Data Engineering Digest, March 2024

Mar 31, 2024

Hello Data Engineers,

Welcome back to another edition of the data engineering digest - a monthly newsletter containing updates, inspiration, and insights from the community.

Here are a few things that happened this month in the community:

The most popular open-source stacks used in production.
The pros and cons of transforming in Power BI.
An amazing list of Python libraries that data engineers love!
Subqueries vs CTEs.
What’s the most challenging task in modern data engineering?
Application side or database side - where to store biz logic?

Community Discussions

Here are the top posts you may have missed:

1. What's your prod, open source stack?

Looking into creating an open source ELT stack from scratch: if you have one, or have had one that worked well, what were the stack components?

It’s no secret that data engineers love open-source tooling for their ability to get started for free and greater flexibility over implementation. Finding open-source tools that are production ready is a bit more challenging and it’s often a game of watching who else is using it in production for validation.

💡 Key Insight

Python and Postgres were the most commonly mentioned tools because they can cover most DE use cases and they simply work really well. Some of the other popular open-source tools mentioned were:

Ingestion: Meltano
Transformation: dbt, Spark
Workflow Orchestration: Airflow, Dagster, Mage
Real-time: Kafka, Debezium
Infrastructure & Containers: Terraform, Docker, Kubernetes
Visualization: Superset, Streamlit, Metabase

One member also shared a list of all of the (mostly) open-source tools that AirBnb uses.

2. Should Power BI be used to extensively transform incoming data?

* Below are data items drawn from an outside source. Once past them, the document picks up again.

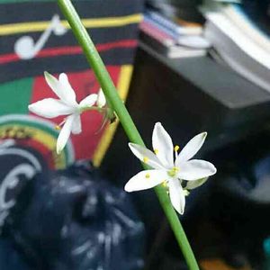 オリヅルランのお花っていつ見ても癒される。 可愛いわ💕
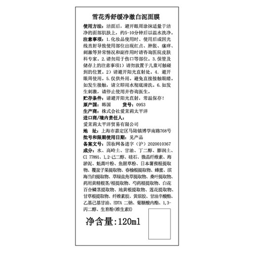 雪花秀 舒缓净澈白泥面膜
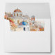 Destination wedding envelopes with a surprise colourful watercolor landscape painting inside.
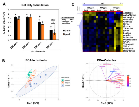 Figure 1. The effect of short-term low CO2 treatments (180 and 100 ppm for 4 h) on net CO2 assimilation rate and amino acid contents of Arabidopsis Col-0 and gox1 rosette leaves. (A) Net CO2 assimilation rate before (380 ppm) and after exposure to an atmosphere with 380, 180 or 100 ppm CO2 (4 h treatment). (B) Principal Component Analysis of amino acid contents of Col-0 and gox1 rosette leaves after a 4 h exposure to an atmosphere with 380, 180 or 100 ppm CO2. (C) Hierarchical clustering of amino acid contents based on Pearson’s correlation coefficients. Results are expressed as the mean ± standard deviation of three independent biological replicates. Different letters indicate groups of mean values that are significantly different between the conditions (two-way ANOVA test followed by a post-hoc Tukey HSD test, p-value < 0.05). Ellipses on the PCA plots represent the 95% confidence intervals. *** p-value < 0.001; * p-value < 0.05.
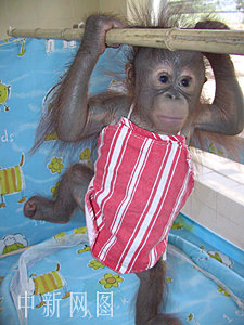 浙江今年經(jīng)歷了五十年一遇的高溫氣候。然而在飼養(yǎng)員的精心照料下,杭州動(dòng)物園里的珍稀動(dòng)物度過一個(gè)愜意的酷暑。圖為中國目前僅有二十余只的珍稀動(dòng)物紅毛猩猩正在舒適地享受空調(diào)。
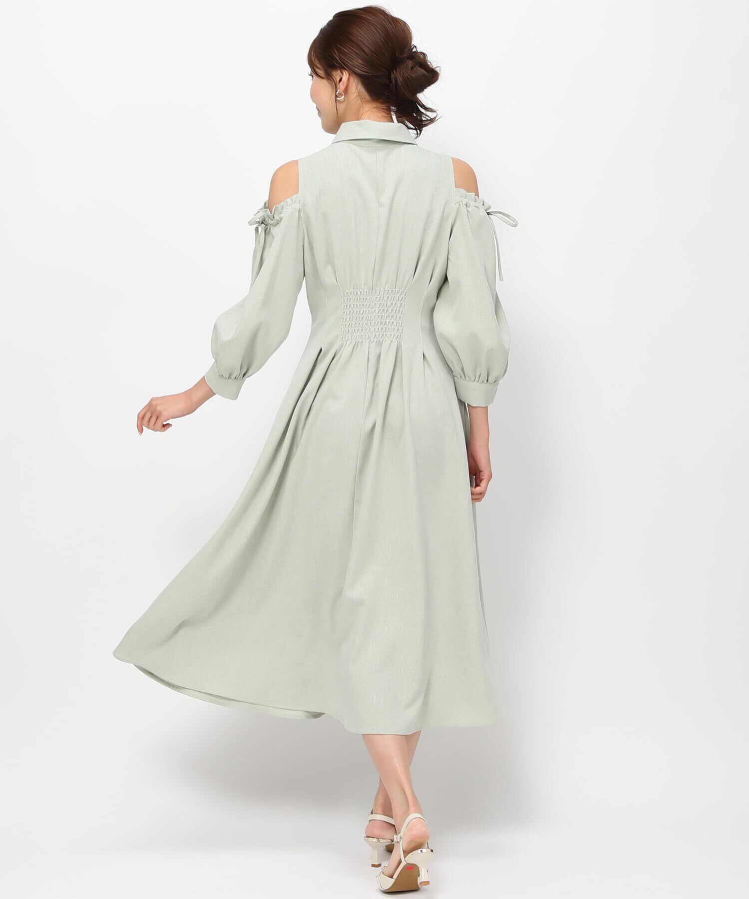 ショルダー部分のカットアウトがさりげない抜け感を演出するワンピース。
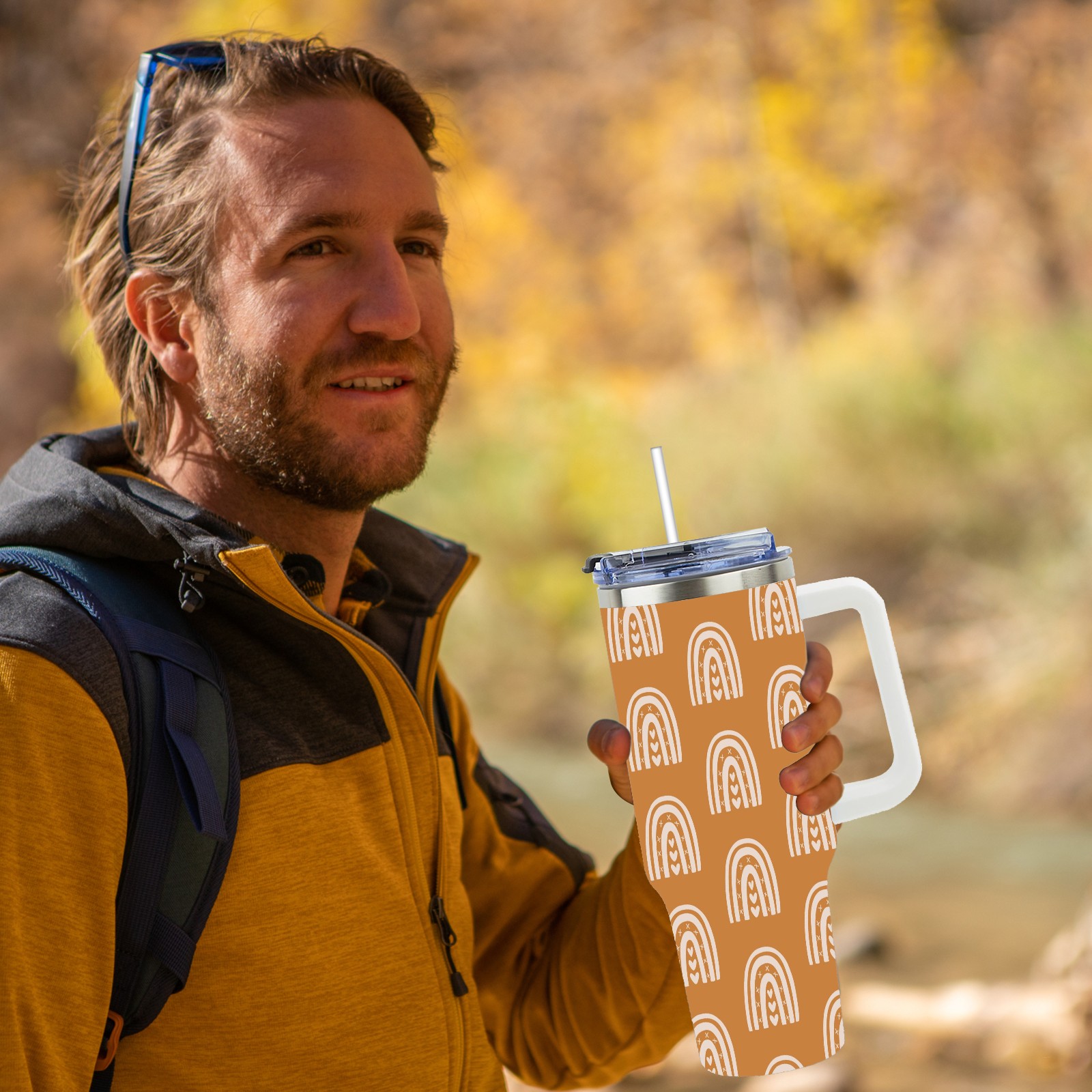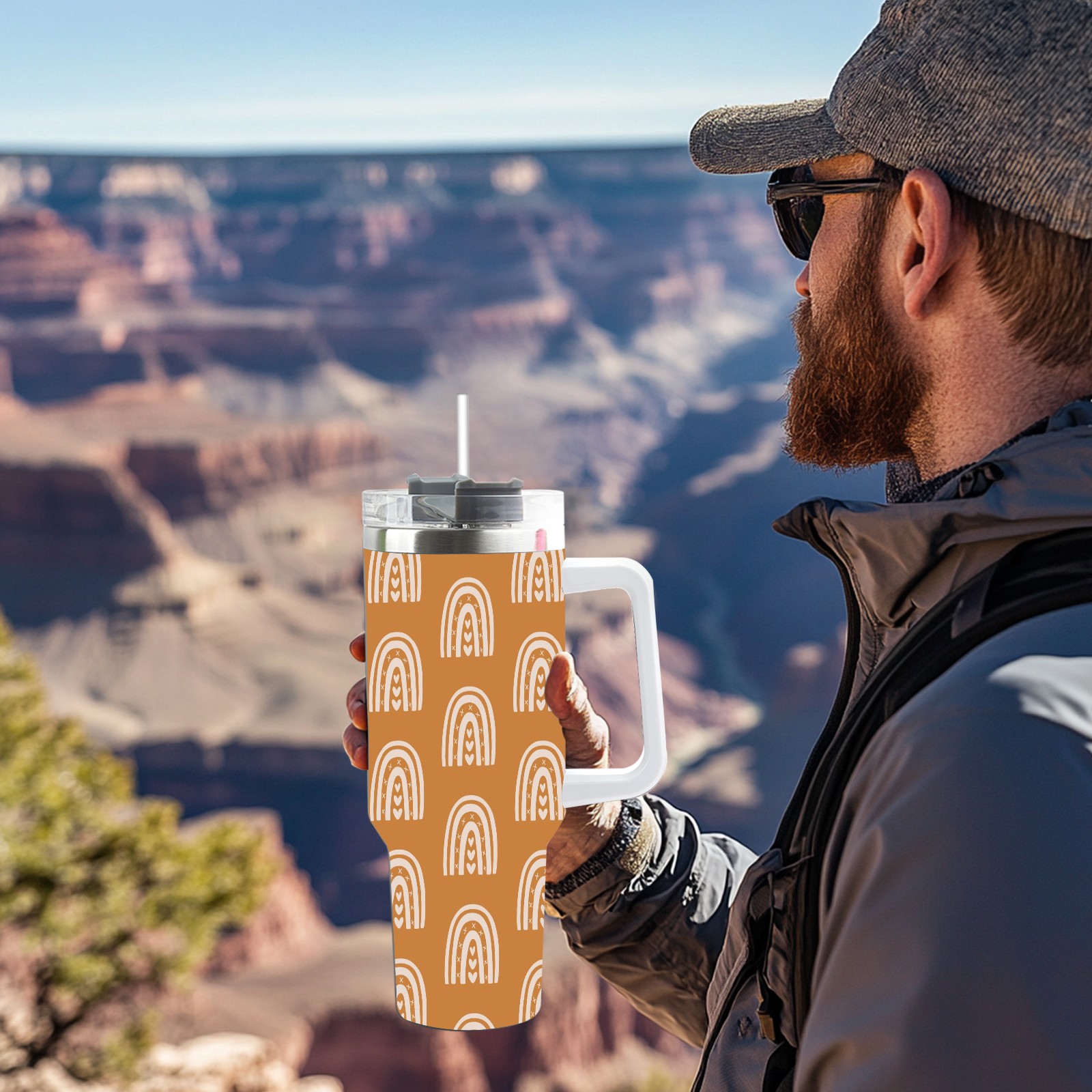 40oz Fully Printed Car Cup – Stylish Large-Capacity Tumbler with UV Printing TechnologyEthnic Rainbow Boho
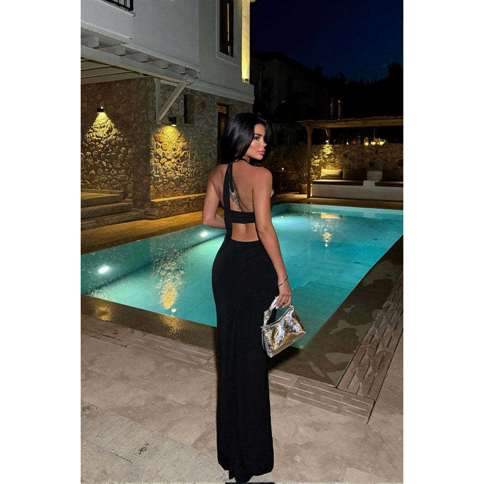 ชุดราตรีทรงบอลกาวน์สีดำ ดีไซน์เอวสูง ประดับคริสตัล พร้อมผ่าข้างสูง ออกแบบตามสั่ง สำหรับงานเลี้ยงอย่างเป็นทางการ ไซส์พลัส XS
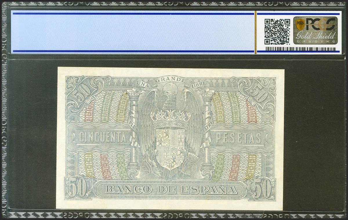 50 Pesetas. 9 de Enero de 1940. Serie D. (Edifil 2021: 437a, Pick: 117a). Inusual en esta calidad. EBC++. Encapsulado PMG58.
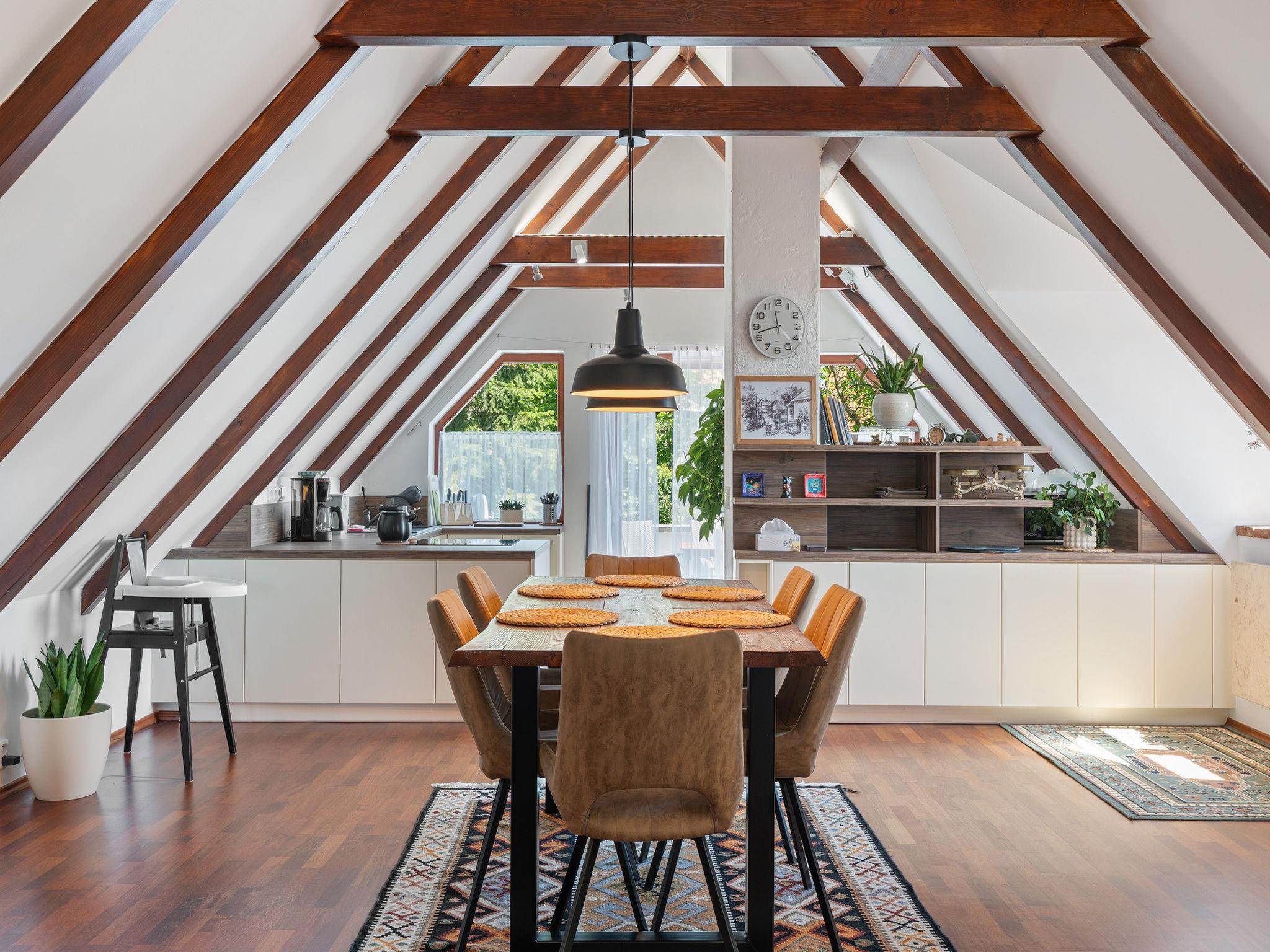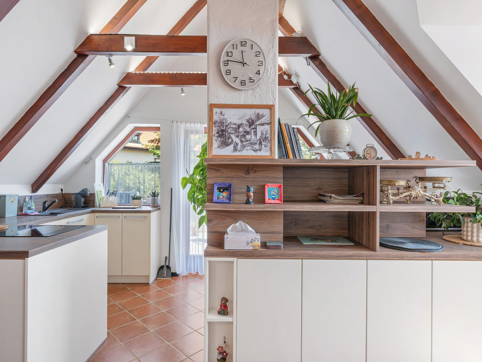 4-room house. Spacious, stylish furnishings: 1 room with 1 double bed. Walk-through room with 2 beds and Scandinavian wood stove. 1 room with 1 x 2 bunk beds. Sep. WC, bath/shower/WC. Upper floor: living/dining room with sloping ceilings with Scandinavian wood stove, dining table and TV. With sloping ceilings kitchenette (oven, dishwasher, 4 ceramic glass hob hotplates, kettle, microwave, electric coffee machine). Exit to the terrace. Electric heating, wood heating, floor heating. Terrace. Terrace furniture. Beautiful view of the countryside. Facilities: Internet (WiFi, free). E-charging station. Maximum 1 pet/ dog allowed.

One member shared that a department at their company has been importing raw data into Power BI and using it exclusively for transformation and then analytics. They are concerned that the users are not using best practices and took this approach because they lack expertise in data analytics and data engineering. Is this actually common practice or is it something to be concerned about?

If you’re a data engineer who is involved in analytics then you’re probably leaning towards “no” but as always there are some trade offs to consider and probably a middle ground here.

💡 Key Insight

Most data visualization tools allow you to do lightweight transformations in the tool itself and often have other sticky features baked in such as an inline database to store your data and the ability to create a semantic layer or define metrics. It should come as no surprise as it’s in the best interest of these companies because it makes it more difficult to move off and empowers more users (who may or may not be using best practices) to quickly build on their platform.

SeattleDataGuy

recently put it:

Low-code solutions help you develop workflows faster and they also can help make bad decisions faster.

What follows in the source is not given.